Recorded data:
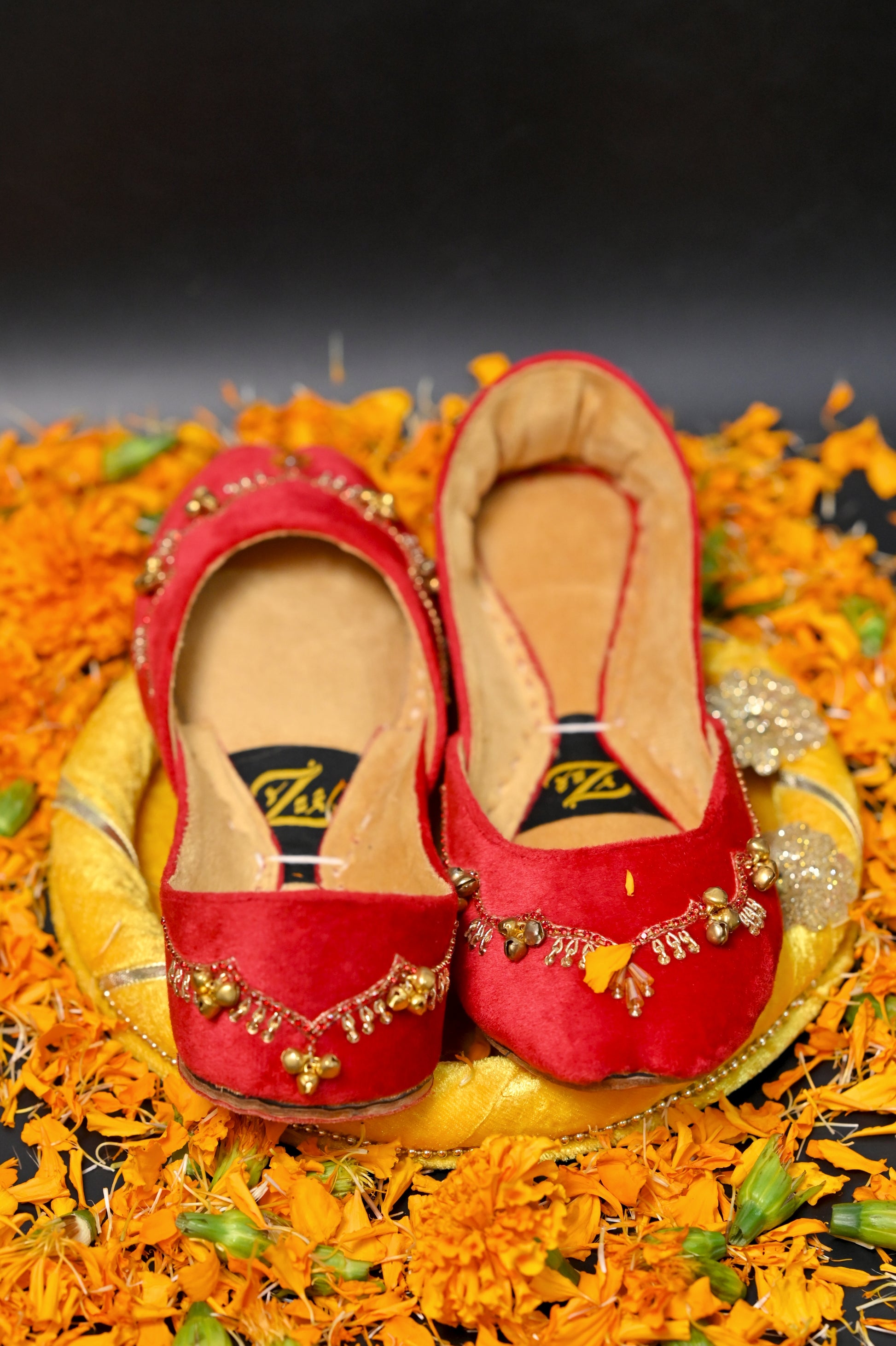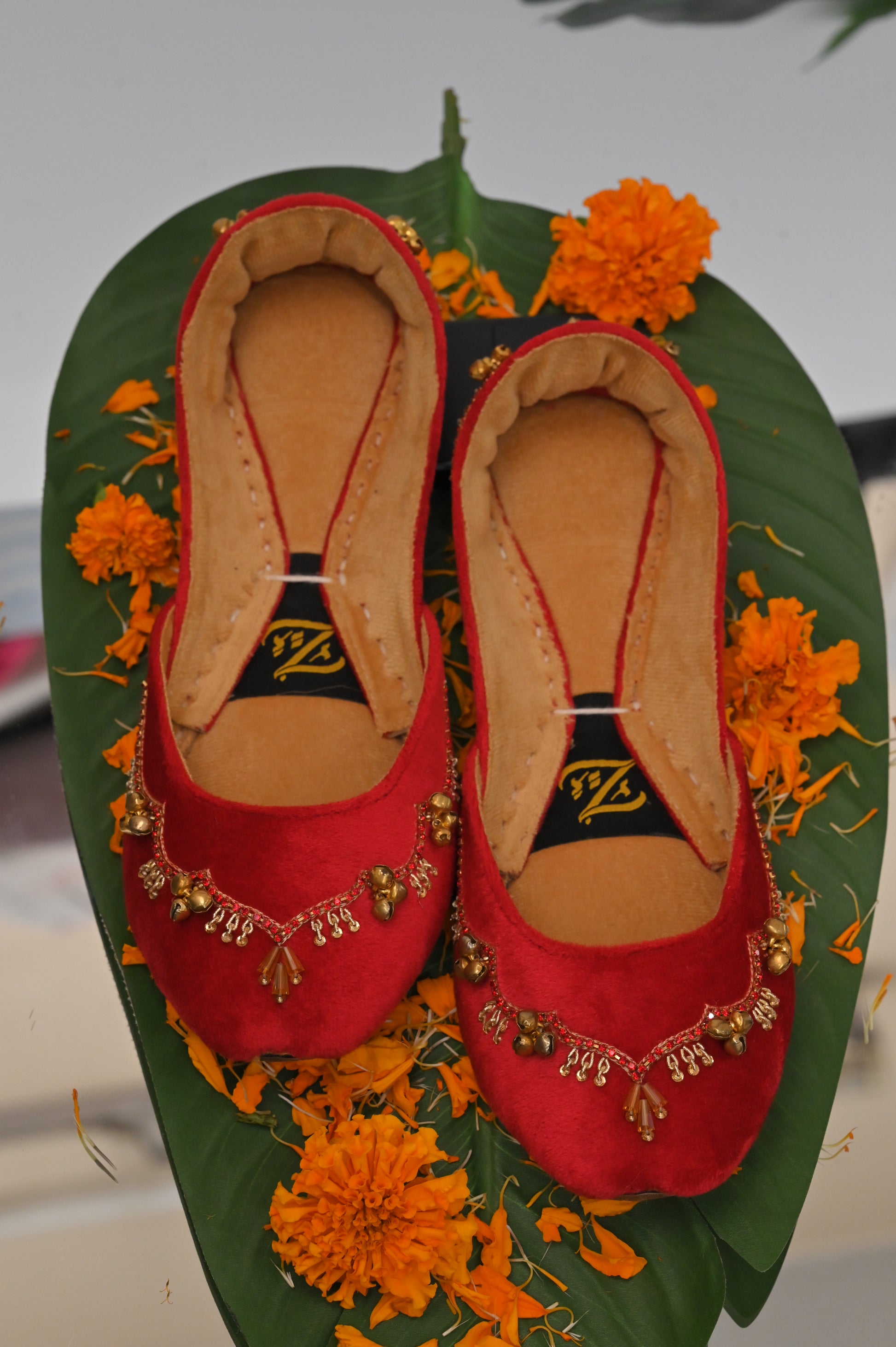 Step into timeless elegance with our handcrafted red velvet khussa, adorned with delicate ghungrooz that add a soft, melodious charm to every step. The deep velvet hue symbolizes love and celebration, making it the perfect choice for festive occasions, weddings or evenings when you want your style to speak of tradition with a modern touch. Designed with comfort and craftsmanship at its heart, this piece blends luxury with heritage.
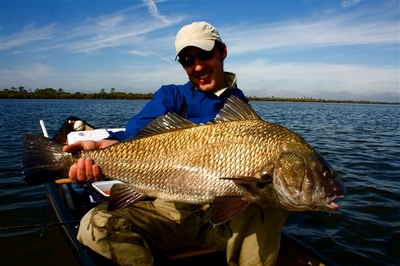 Finally he got a strike and brought a black drum of 10-12 pounds to the boat. It was the only bite he got.
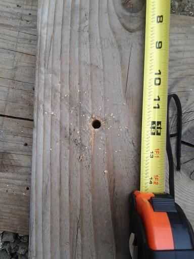 Taladre un agujero con la broca de 3/8 1 pie abajo y centrado, desde la parte superior del pie 4 de largo 2 x 6
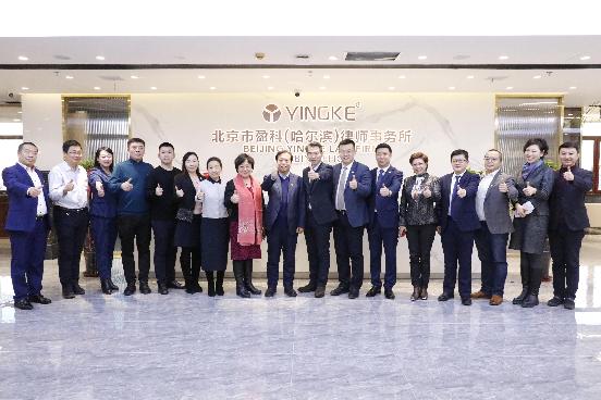 与北京市盈科(哈尔滨)律师事务所在中实大厦10层多功能会议室举办党建联建暨教学实践基地揭牌仪式,院党委书记胡东、院长哈书菊,党委副书记、副院长魏双、副院长丁玉翠、团委书记王业超、盈科哈尔滨党支部书记赵明、执行主任徐强、监事会主任潘立波及相关人员共同出席了此次签约揭牌仪式,仪式由盈科哈尔滨执行主任助理苏瑞雪主持。
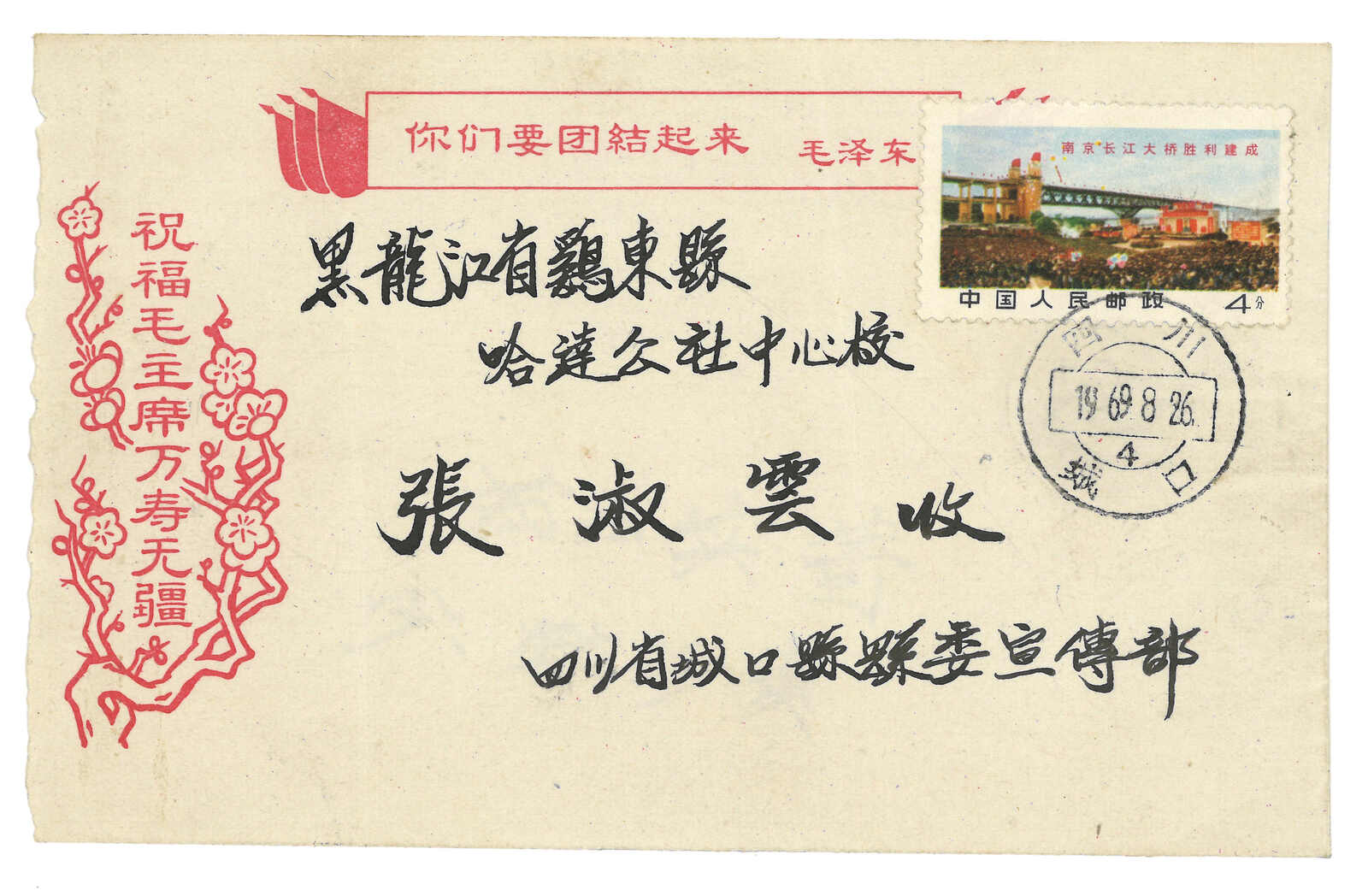1969.8.26 文14長江大橋4分自然實寄首日封,自城口寄雞東,背另貼普票2分雙連,銷四川城口日戳。9.3抵哈達。帶毛語錄。封左側打開。(Image 1)

● **Work to be completed**
Retype the entries above exactly. Stop after the line containing "Finally he got", and omit the pictures.

● **Expected output**
 Step into timeless elegance with our handcrafted red velvet khussa, adorned with delicate ghungrooz that add a soft, melodious charm to every step. The deep velvet hue symbolizes love and celebration, making it the perfect choice for festive occasions, weddings or evenings when you want your style to speak of tradition with a modern touch. Designed with comfort and craftsmanship at its heart, this piece blends luxury with heritage.
 Finally he got a strike and brought a black drum of 10-12 pounds to the boat. It was the only bite he got.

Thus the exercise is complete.